= Maternal impression =

Disused medical hypothesis

The conception of a maternal impression rests on the belief that a powerful mental (or sometimes physical) influence working on the mother's mind may produce an impression, either general or definite, on the child she is carrying. The child might be said to be "marked" as a result. The theory of maternal impression was most frequently used to explain birth defects. It was discredited in the mid-to-late 18th century, but some continued to believe in the theory into the 19th century.

== History ==
The long-discredited theory of maternal impression has origins dating back to Ancient Greece and Biblical times.
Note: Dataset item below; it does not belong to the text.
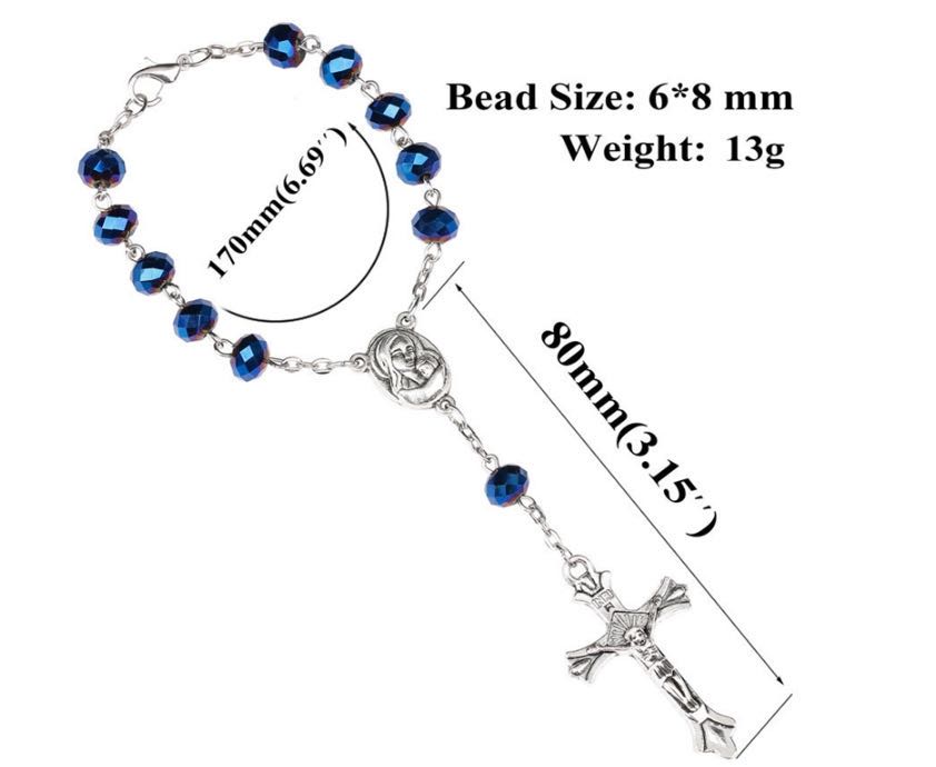 十字架水晶念珠手鏈?zhǔn)执汁h(huán)彎針祈禱珠Rosary bracelet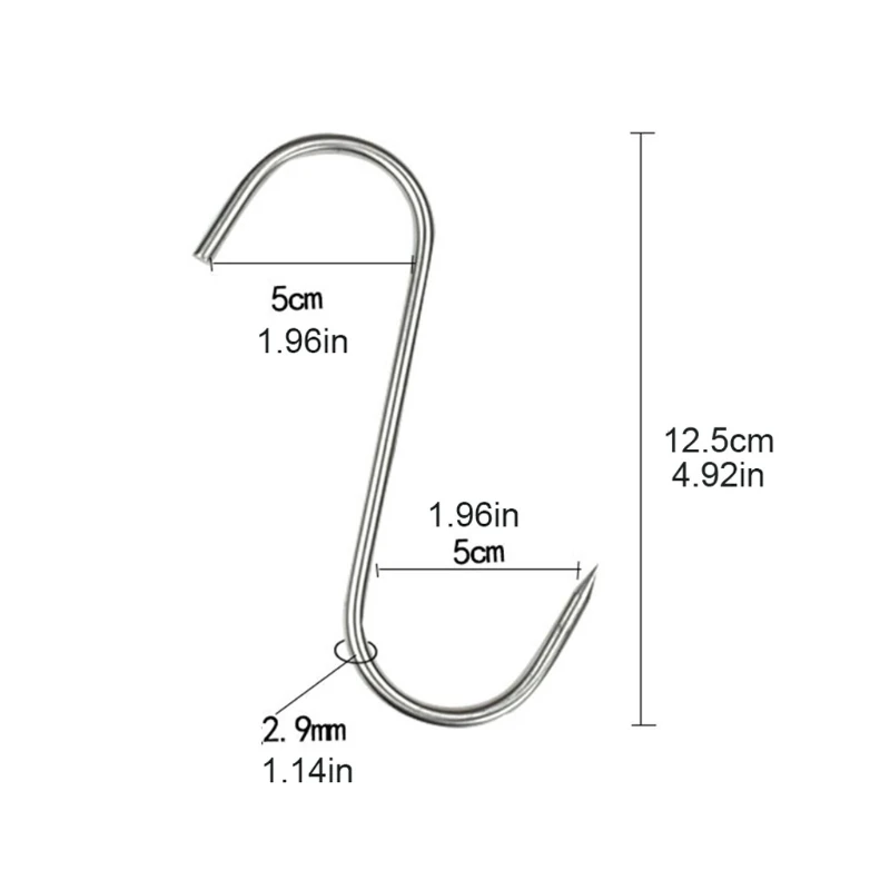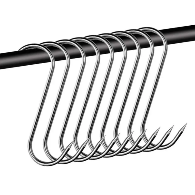 Stainless Steel S Hooks with Sharp Tip Utensil Meat Clothes Hanger Hanging Hooks for Butcher Shop Kitchen Baking Tools

Theorists like Aristotle and Hippocrates emphasized the role that a pregnant mother's imagination played in her pregnancy. Aristotle believed that naturalism was the primary factor in reproduction. His law of generative resemblance stated that like produces like. Such beliefs promoted early conceptions of the theory of maternal impression. For example, a mother who was struck by a piece of fruit that was thrown might give birth to a child who had an apple-shaped birthmark. It was also believed to affect animals. Between the Aristotelian era and the 16th century, it was thought that divine influences were the largest factor affecting pregnancy. Beginning in the 16th century, the concept of maternal impression emerged as an explanation for "unusual" birth defects for which there was no apparent medical cause. Many medical practitioners between the 16th and 19th centuries believed that maternal impressions were a result of pregnant women living in violation of the "naturally" ordained lifestyle. Most physicians during this time were not concerned with whether or not the theory of maternal impression existed, but with how and why it affected developing fetuses. The evidence for the theory was largely anecdotal, and had little scientific validity.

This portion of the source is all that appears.